Credit: Tabaco community

On 9 August 2001, the residents of the village of Tabaco in La Guajira, Colombia, were violently evicted from their land and their village was destroyed to make way for the expansion of the Cerrejon opencast coal mine. Cerrejon was then part-owned, and between 2002 and January 2022 was completely owned, by multinational mining companies Anglo American, BHP and Glencore. All three companies are listed on the London Stock Exchange.

In January 2022, Anglo American and BHP sold their shares in the Cerrejon mine to Glencore as part of their move out of coal. Many ethical investors and others concerned about climate change may feel tempted to applaud them for this. Glencore, now the 100% owner of the mine, says it will responsibly wind down operations ready for the end of the mining licence in 2034.

The call from the community is for solidarity in demanding their rights and for support in their struggle to find justice.

 “Today, 9 August 2001, turns 21: 21 years since the Afro-descendant Community of Tabaco was displaced by the Cerrejon Coal Company and by the Colombian State, so that their collective territory could be used for coal exploitation. This risks the disappearance of the social, cultural, spiritual and other fabric of the community. Despite judicial decisions which have been favourable to the Tabaco community, such as Colombian Constitutional Court Sentence T-329 of 2017, the Cerrejon Coal Company and the Colombian State have still not resettled or compensated the community of Tabaco. This abandonment by the Colombian State and the Cerrejon Coal Company is a violation of our human rights”. 

Statement from the Tabaco community. 

Community members state that they were never consulted. The company has always claimed that the people no longer lived in the town, but in neighbouring towns such as Albania, Hato Nuevo and Maicao. Since then the company had isolated them in many ways, buying the surrounding farms and fencing them off; and closing the public roads, including the main road that connected them with Albania, their most important trading centre, where the company built an artificial lagoon. The community was soon surrounded by private security guards, and fear grew among the people. The guards imposed restrictions that prevented traditional night hunting and entry to their farms. By order of the municipality, the water and electricity were cut off, teachers’ jobs were withdrawn, the health centre was dismantled, the Telecom office was closed, and even the Catholic Church unilaterally destroyed part of the village church which had been built with the community’s own resources (1).

Faced with these pressures, some inhabitants sold their properties for derisory sums stipulated by the company’s purchasing lawyers (ten thousand pesos, equivalent to £1.92 at today’s exchange rate, per hectare). In other cases, the same lawyers presented themselves with expropriation orders and offered whatever they wanted to the landowners. The money was not enough for them to even buy a home elsewhere. During this period of pressure, several community leaders were found assassinated without the causes being known. These crimes are still under investigation.

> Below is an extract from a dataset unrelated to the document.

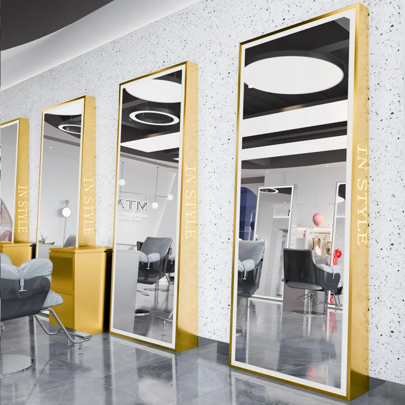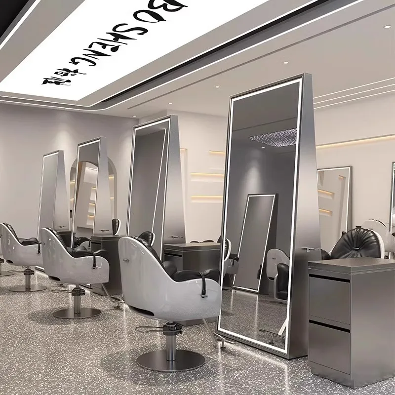 2024 Modern style light luxury design barbershop beauty shop mirror salon furniture set full-length hair mirror table

A year later, in 2002, the Colombian Supreme Court ruled in the community’s favour in a suit brought by the community’s lawyer, ordering the reconstruction of the town and all its infrastructure. It is a “halfway” achievement that has led them to continue the fight for the restoration of their individual and collective rights and for a fair and equitable comprehensive reparation process. Over time, complaints and lawsuits have also been pursued in the countries of origin of the mining companies.

Indigenous Wayuu, African descent and peasant communities have been affected by the operations of Cerrejon, the biggest open cast coal mine in Latin America. The arrival of the mine has caused the displacement of people from their land and with that the disruption of their livelihoods and the breakdown of their traditional culture. The Wayuu people are the largest indigenous nation in Colombia and they keep their language alive, so the mine is threatening an ancient culture. 

The consequences left by the coal extraction are serious. The main consequences are (1) the destruction of the dry tropical forest, as the mine is situated within the Rancheria river basin, the only major river in this dry area, and (2) the destruction of the local economy that was based on agriculture, hunting and gathering before mining began, imposing instead dependency on services linked to the mine.